1415 – The execution of Jan Hus

     

Jan Hus was a Czech theologian, Catholic priest, philosopher, master, dean, and rector of the Charles University in Prague who became a church reformer, an inspirer of Hussitism a key predecessor to Protestantism and a seminal figure in the Bohemian Reformation.

King Wenceslaus‘ brother Sigismund of Hungary was anxious to put an end to religious dissension within the Church. To put an end to the papal schism and to take up the long desired reform of the Church, he arranged for a general council to convene on 1 November 1414 at Constance. Jan Hus willing to make an end of all dissensions, agreed to go to Constance under Sigismund’s promise of safe conduct.

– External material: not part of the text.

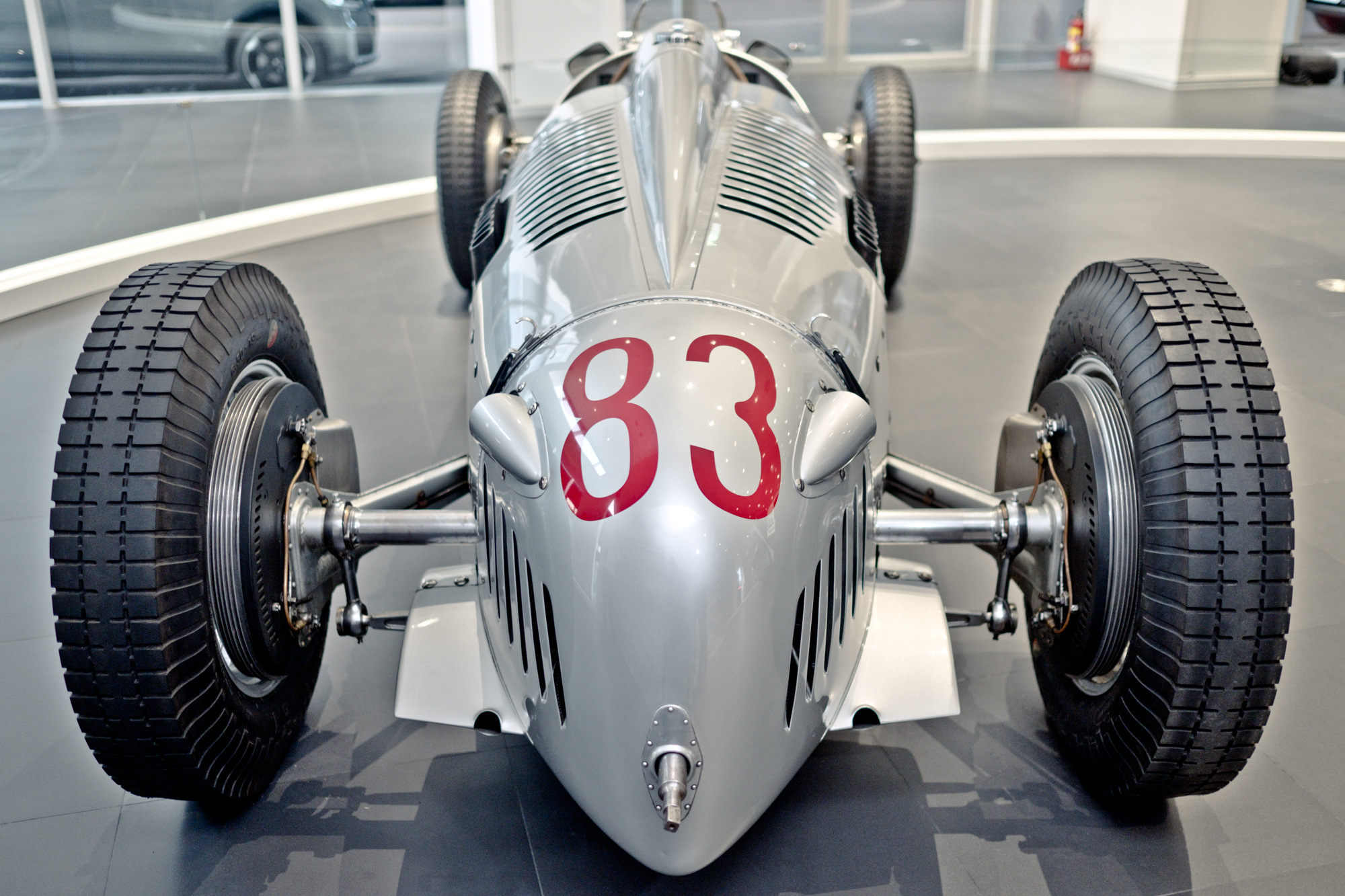 由Porsche車廠創始人費迪南 · 保時捷博士操刀的Auto Union Type C 則大膽的將引擎安裝於後軸前方,油箱安裝於駕駛人與引擎之間接近車身中央的位置,也因此 Auto Union 賽車擁有短車頭、長腰身的特殊比例以及流線的車型。這在當時可說是相當詭異的外型;不過這樣的設計,卻成為日後所有賽車共通的設計邏輯。

At the place of execution, he knelt down, spread out his hands, and prayed aloud. The executioner undressed Hus and tied his hands behind his back with ropes, and bound his neck with a chain to a stake around which wood and straw had been piled up so that it covered him to the neck. At the last moment, the imperial marshal, von Pappenheim, in the presence of the Count Palatine asked Hus to recant and thus save his own life. Hus declined thus:

God is my witness that the things charged against me I never preached. In the same truth of the Gospel which I have written, taught, and preached, drawing upon the sayings and positions of the holy doctors, I am ready to die today.

Hus‘ ashes were later thrown into the Rhine river (as a means of preventing the veneration of his remains).